Per quel che riguarda le plusvalenze, il trasferimento del patrimonio della società scissa alle società
beneficiarie avviene senza corrispettivo; non vi sono, pertanto, i presupposti per la tassabilità, a carico della
società scissa, delle plusvalenze latenti nei beni trasferiti.
Possono darsi, anche a seguito della scissione, avanzi e disavanzi sia da concambio che da annullamento.
Anche per le differenze di scissione il principio è quello della neutralità: avanzi e disavanzi riflettono, qui,
fenomeni analoghi a quelli visti in materia di fusione con concambio e senza concambio.
Anche alle società beneficiarie è consentito optare per l’affrancamento dei valori o maggiori valori.

7.La liquidazione ordinaria delle società


Quando una società viene messa in liquidazione, si rende necessario separare fiscalmente la gestione
ordinaria dalla liquidazione. Per tale motivo, l’intervallo temporale che va dall’inizio del periodo d’imposta
alla messa in liquidazione costituisce autonomo periodo d’imposta.

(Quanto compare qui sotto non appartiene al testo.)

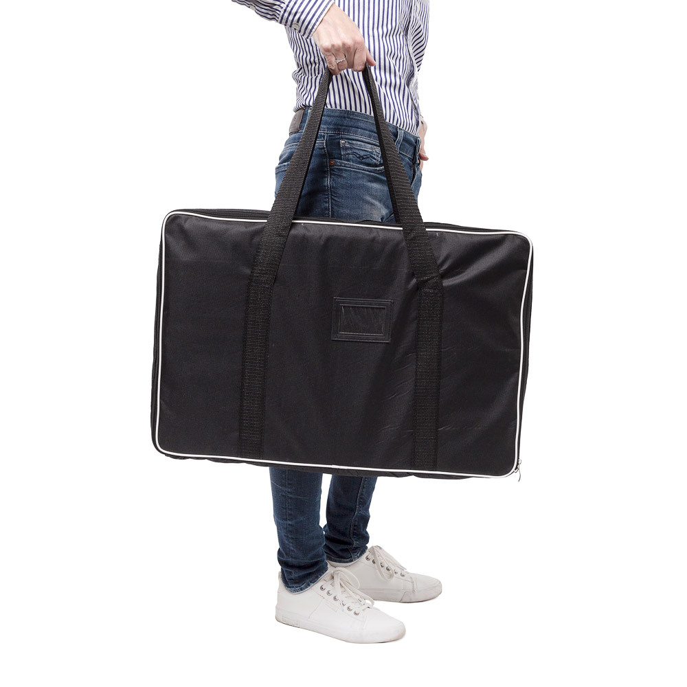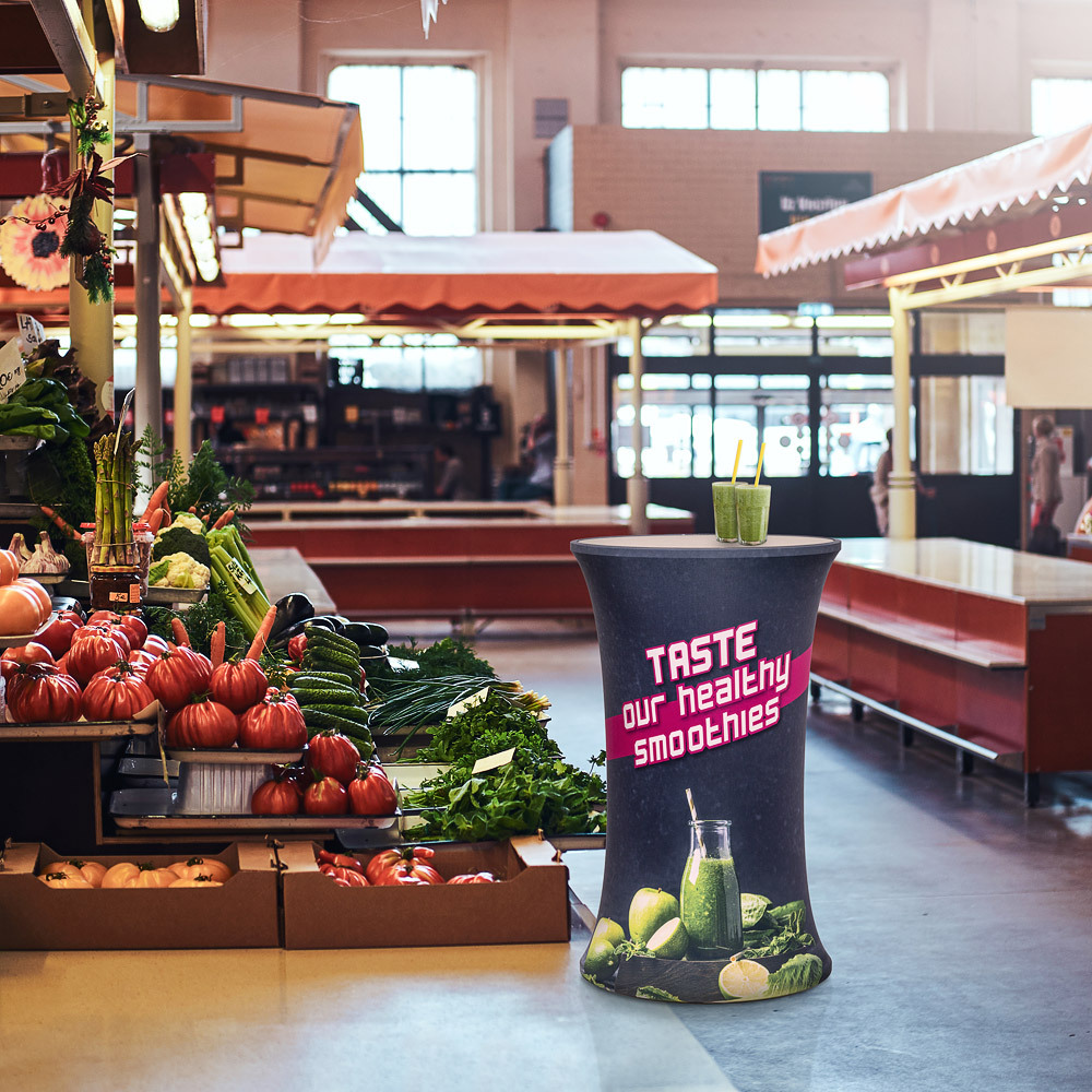 Go for a sleek and wrinkle-free promotion with the Counter Easy Oval. Its slim design ensures your display fits effortlessly into pop-up stands, exhibitions, and events. The stretch fabric with a silicone edge slides seamlessly onto the black tabletop, creating a smooth, edgeless look. Printed with dye sublimation, it delivers vibrant, long-lasting colours, while the included carry bag makes transport effortless. Stylish and ready for any promotion, it guarantees an eye-catching presence every time

Con riguardo alla liquidazione degli imprenditori individuali e delle società di persone, vanno distinte tre
ipotesi:
- se la liquidazione non va oltre il periodo d’imposta in cui inizia, si avrà un bilancio finale di liquidazione, in
base al quale sarà determinato il reddito;
- quando la liquidazione si protrae oltre e dura più di tre esercizi, il periodo della liquidazione costituisce
periodo d’imposta unico;
- se la liquidazione dura più di tre esercizi successivi, i risultati dei singoli esercizi intermedi assumono
carattere di definitività.
Per le società soggette ad Ires, se la liquidazione si protrae oltre l’esercizio in cui ha avuto inizio, il reddito
relativo alla residua frazione di tale esercizio e ciascun successivo esercizio intermedio è determinato in via
provvisoria in base al rispettivo bilancio, liquidando la relativa imposta.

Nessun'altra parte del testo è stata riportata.